Though it adds parsel as a parser (which has a really nice api) to requests. It also integrates with selenium.
I prefer my dependencies to be orthogonal and lightweight i.e. do one thing well. Maybe this is better for interactive use in the REPL.
If you do decide to remove it, I think it's worth adding as an example in the README.
I personally use bs4 for web scraping and it works pretty well, but if there was an option to also do js with a sane API, I'd switch in a heartbeat.
I really love puppeteer over selenium. Much deeper control.
He’s absolutely focused on user experience – in this case the developer experience – and it absolutely shows.
I’m sure I’ll end up using this utility at some point in the future.
What is a 'jQuery' selector? Is it the same as CSS selectors, or does jQuery support non-standard syntax?
Scraping the web will become a lot harder in the future.
puppeteer makes scripting headless Chrome for scraping-style tasks trivial, and it's supported by the Chrome development team so it's likely to keep on working long into the future.
Is there anything special that Chrome headless has that ordinary Chrome wouldn't have?
Puppeteer uses Chrome Remote Debug Protocol, which is the same protocol Devtools uses. It’s just a simple JSON RPC over websockets. Puppeteer creates a nice library abstraction over this api.
The advantage of puppeteer over selenium is that you have a lot more control over chrome. Network, perf, screenshots, coverage, dom & style traversal, etc.

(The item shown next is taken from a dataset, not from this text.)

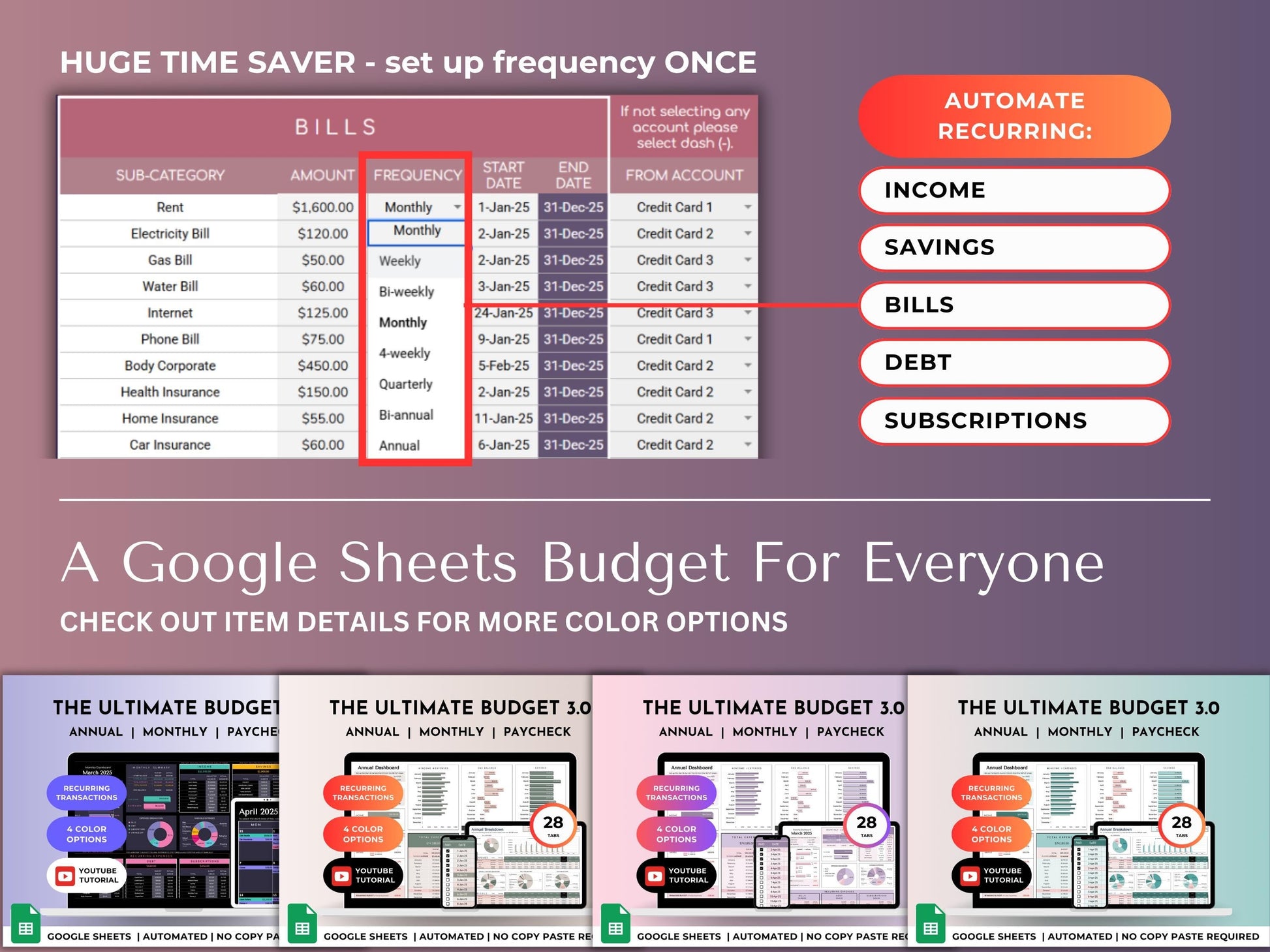- Recurring transactions? Set them up ONCE and watch 12 months populate automatically

It’s a very reliable API too since Chrome Devtools team maintains the backend.
Selenium on the other hand surprises me with all sorts of quirks.

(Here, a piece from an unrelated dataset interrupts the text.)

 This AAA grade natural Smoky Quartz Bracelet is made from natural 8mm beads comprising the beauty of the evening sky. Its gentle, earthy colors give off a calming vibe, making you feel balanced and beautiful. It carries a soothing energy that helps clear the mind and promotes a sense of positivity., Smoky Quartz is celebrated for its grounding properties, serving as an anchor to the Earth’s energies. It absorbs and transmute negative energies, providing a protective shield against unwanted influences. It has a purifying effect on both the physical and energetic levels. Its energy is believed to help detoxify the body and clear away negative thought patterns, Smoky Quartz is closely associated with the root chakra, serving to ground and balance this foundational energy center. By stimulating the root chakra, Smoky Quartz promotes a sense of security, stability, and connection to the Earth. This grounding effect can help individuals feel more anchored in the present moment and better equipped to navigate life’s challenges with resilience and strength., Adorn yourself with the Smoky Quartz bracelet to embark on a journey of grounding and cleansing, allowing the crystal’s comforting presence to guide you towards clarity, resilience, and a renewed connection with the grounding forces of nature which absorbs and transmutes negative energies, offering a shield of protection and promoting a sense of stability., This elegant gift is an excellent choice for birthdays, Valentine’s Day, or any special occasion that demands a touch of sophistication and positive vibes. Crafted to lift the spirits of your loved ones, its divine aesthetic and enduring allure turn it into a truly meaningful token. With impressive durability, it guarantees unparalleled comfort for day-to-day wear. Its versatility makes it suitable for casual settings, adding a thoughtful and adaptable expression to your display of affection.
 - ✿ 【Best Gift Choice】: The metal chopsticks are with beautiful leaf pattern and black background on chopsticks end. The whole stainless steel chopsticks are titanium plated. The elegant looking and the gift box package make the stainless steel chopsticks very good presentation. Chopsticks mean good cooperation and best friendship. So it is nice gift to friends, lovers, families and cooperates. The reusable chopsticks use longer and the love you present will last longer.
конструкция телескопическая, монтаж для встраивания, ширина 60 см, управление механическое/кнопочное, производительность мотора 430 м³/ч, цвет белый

This is great news, as this space was dominated by bs4 in the Python ecosystem.
Can't wait to use this in the future :)
It greatly simplifies the most common patterns in doing HTTP requests; things like authentication, passing headers, retry logic, etc.
Wow and now python is in C so line up your credit books, we are in for a long night tonight.
Thoughts & prays for all contributors
I haven't used xpath much though (and it seems pretty beefy!).
"XYZ for Humans" is a trope for the author of this library; for example, requests' tagline is "HTTP for humans".